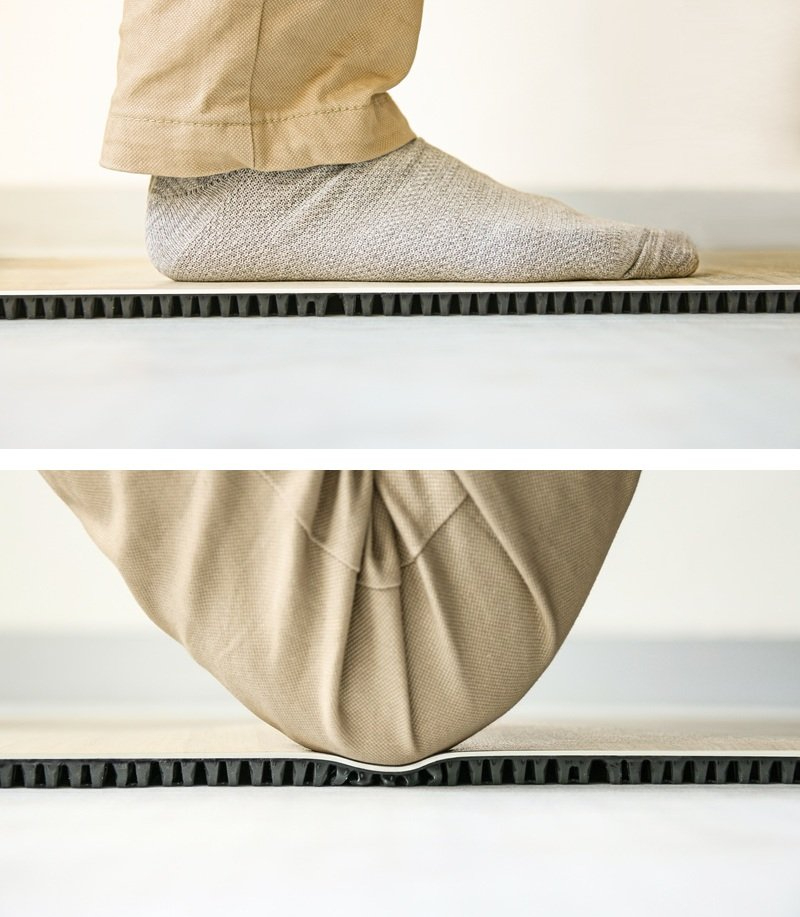 Inspired by traditional Japanese ingenuity, Shimomura turned to ninja culture for ideas. The weight-distribution principle behind mizugumo—water shoes that allowed ninjas to walk across swamps—helped shape the flooring’s structural design. He also drew from the hidden features of a ninja yashiki, or ninja house, where seemingly ordinary interiors concealed protective tricks. “We want homes to feel bright and comfortable, but when an accident happens, the floor itself protects you—like a hidden safeguard,” he explained.
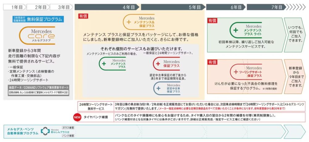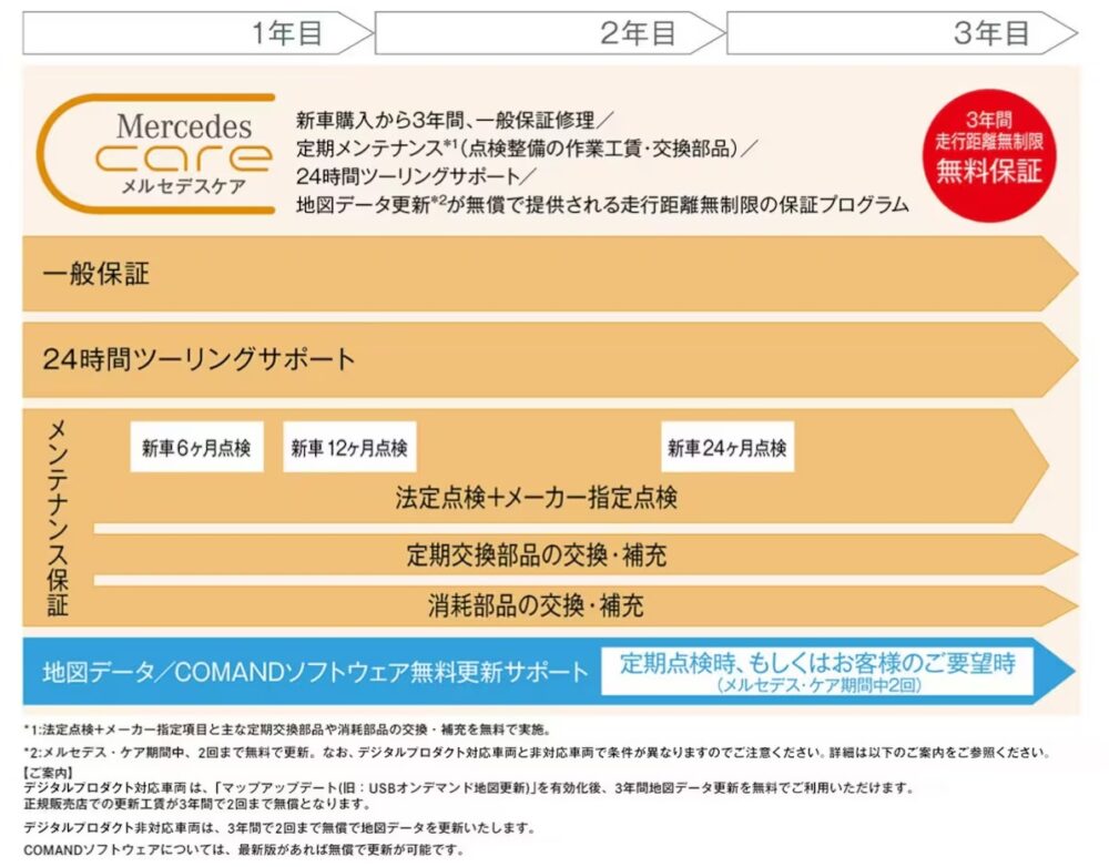 ▲「メルセデス・ケア」の内容。これらがすべて無料でついている(メルセデス・ベンツ日本HPより)
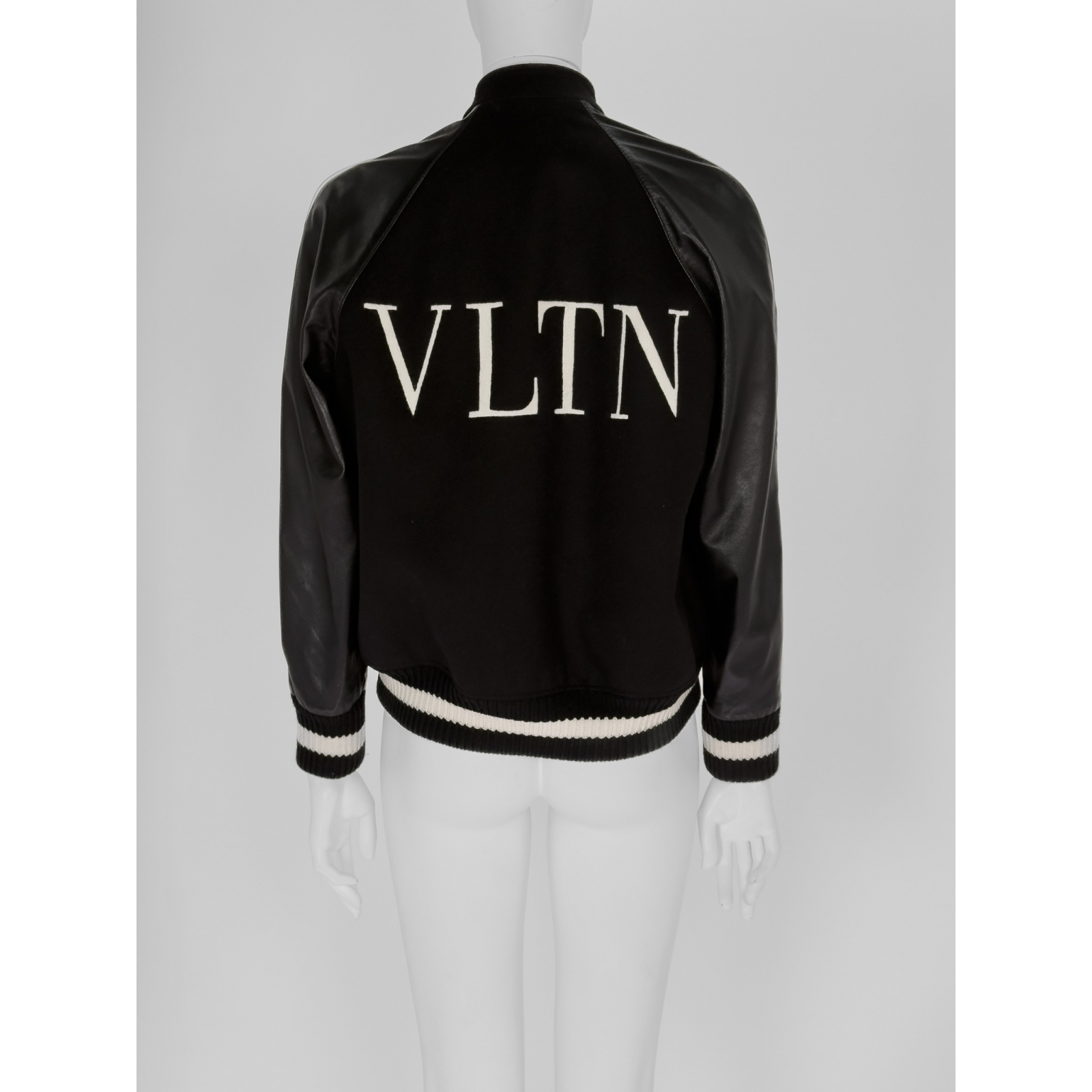 "Czarna bomberka wykonana z łączonych materiałów, duże białe logo marki na plecach, skórzane rękawy, zapinana na zatrzaski, stójka, dwie kryte kieszenie po bokach, biała lamówka, dzianinowy ściągacz przy mankietach oraz w dolnej części ozdobiony białym paskiem. Rozmiar z metki IT 38. Skład: skóra jagnięca; 95% wełna dziewicza, 5% kaszmir. Wymiary: szerokość mierzona od pachy do pachy: 56cm, długość całkowita: 61cm."
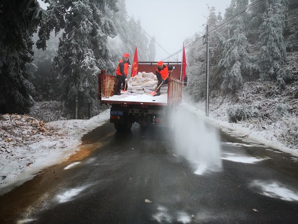 锦屏县交通运输局在农村公路上撒盐除冰 刘松平摄
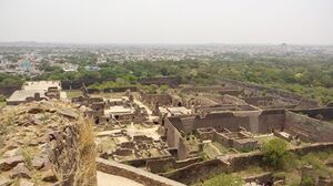 گولكنده/غولكنده Golconda هي قلعة حصينة وأطلال مدينة تقع في الأطراف الغربية لمدينة حيدر آباد, Telangana, India.[1][2] The fort was originally built by Kakatiya ruler Pratāparudra in the 11th century out of mud walls.[3] It was ceded to the Bahmani Kings from Musunuri Nayakas during the reign of the Bahmani Sultan Mohammed Shah I, during the first Bahmani-Vijayanagar War. Following the death of Sultan Mahmood Shah, the Sultanate disintegrated and Sultan Quli, who had been appointed as the Governor of Hyderabad by the Bahmani Kings, fortified city and made it the capital of the Golconda Sultanate. Because of the vicinity of diamond mines, especially Kollur Mine, Golconda flourished as a trade centre of large diamonds known as Golconda Diamonds. Golconda fort is currently abandoned and in ruins. The complex was put by UNESCO on its "tentative list" to become a World Heritage Site in 2014, with others in the region, under the name Monuments and Forts of the Deccan Sultanate (despite there being a number of different sultanates).[1]
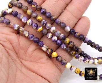 Purple and Gold Beads, Smooth Mixed Yellow Purple Jade Beads BS #95, LSU Jewelry Beads sizes 6 mm 16.5 inch Strands
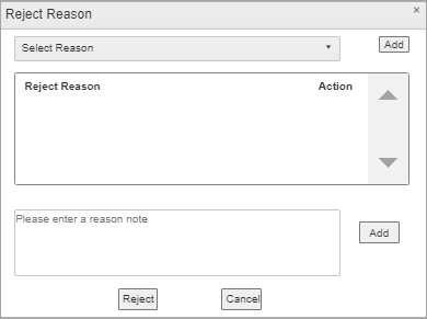 Clicking the Reject button brings up the Reject Reason dialog where you can enter reasons why the document cannot be processed. The item will be removed from the Cashiering grid.
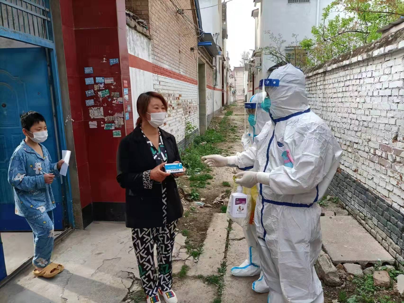 到達太康后,王群禮被分到了城關回族鎮(zhèn)封控區(qū)進行入戶核酸采集,當時的他也很緊張,認真地穿防護服,熟記采集核酸的每一個動作要領,然后投身抗疫最前線。在入戶采樣的時候,王群禮發(fā)現有一個小女孩獨自在家,她每次聽到敲門聲都是先開一點縫,悄悄觀察外面,當看到是防疫人員時,才慢慢打開門。“我可以看出她的恐懼和無助,不知道她晚上怕不怕,會不會做飯,問她怎么吃飯,她也不說話,我心里很不是滋味?!睆哪翘扉_始,王群禮每次入戶采核酸的時候,就幫她帶點吃的,王群禮會把他的早餐留給她,還把自己的水果、零食也都送給她。
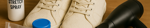 Canvas and synthetics are tough and less flexible, but still stretchable. Use the hairdryer method, the ice bag trick, or newspaper stuffing. Shoe stretchers can work too, but be gentle to avoid misshaping.

..............................

- _Activity_
Would you please repeat only the lines above, beginning at the one that has "bomberka wykonana z" and stopping after the one that has "گولكنده/غولكنده Golconda هي", exactly and with no pictures?

- _Solved problem_
 "Czarna bomberka wykonana z łączonych materiałów, duże białe logo marki na plecach, skórzane rękawy, zapinana na zatrzaski, stójka, dwie kryte kieszenie po bokach, biała lamówka, dzianinowy ściągacz przy mankietach oraz w dolnej części ozdobiony białym paskiem. Rozmiar z metki IT 38. Skład: skóra jagnięca; 95% wełna dziewicza, 5% kaszmir. Wymiary: szerokość mierzona od pachy do pachy: 56cm, długość całkowita: 61cm."
 锦屏县交通运输局在农村公路上撒盐除冰 刘松平摄
 گولكنده/غولكنده Golconda هي قلعة حصينة وأطلال مدينة تقع في الأطراف الغربية لمدينة حيدر آباد, Telangana, India.[1][2] The fort was originally built by Kakatiya ruler Pratāparudra in the 11th century out of mud walls.[3] It was ceded to the Bahmani Kings from Musunuri Nayakas during the reign of the Bahmani Sultan Mohammed Shah I, during the first Bahmani-Vijayanagar War. Following the death of Sultan Mahmood Shah, the Sultanate disintegrated and Sultan Quli, who had been appointed as the Governor of Hyderabad by the Bahmani Kings, fortified city and made it the capital of the Golconda Sultanate. Because of the vicinity of diamond mines, especially Kollur Mine, Golconda flourished as a trade centre of large diamonds known as Golconda Diamonds. Golconda fort is currently abandoned and in ruins. The complex was put by UNESCO on its "tentative list" to become a World Heritage Site in 2014, with others in the region, under the name Monuments and Forts of the Deccan Sultanate (despite there being a number of different sultanates).[1]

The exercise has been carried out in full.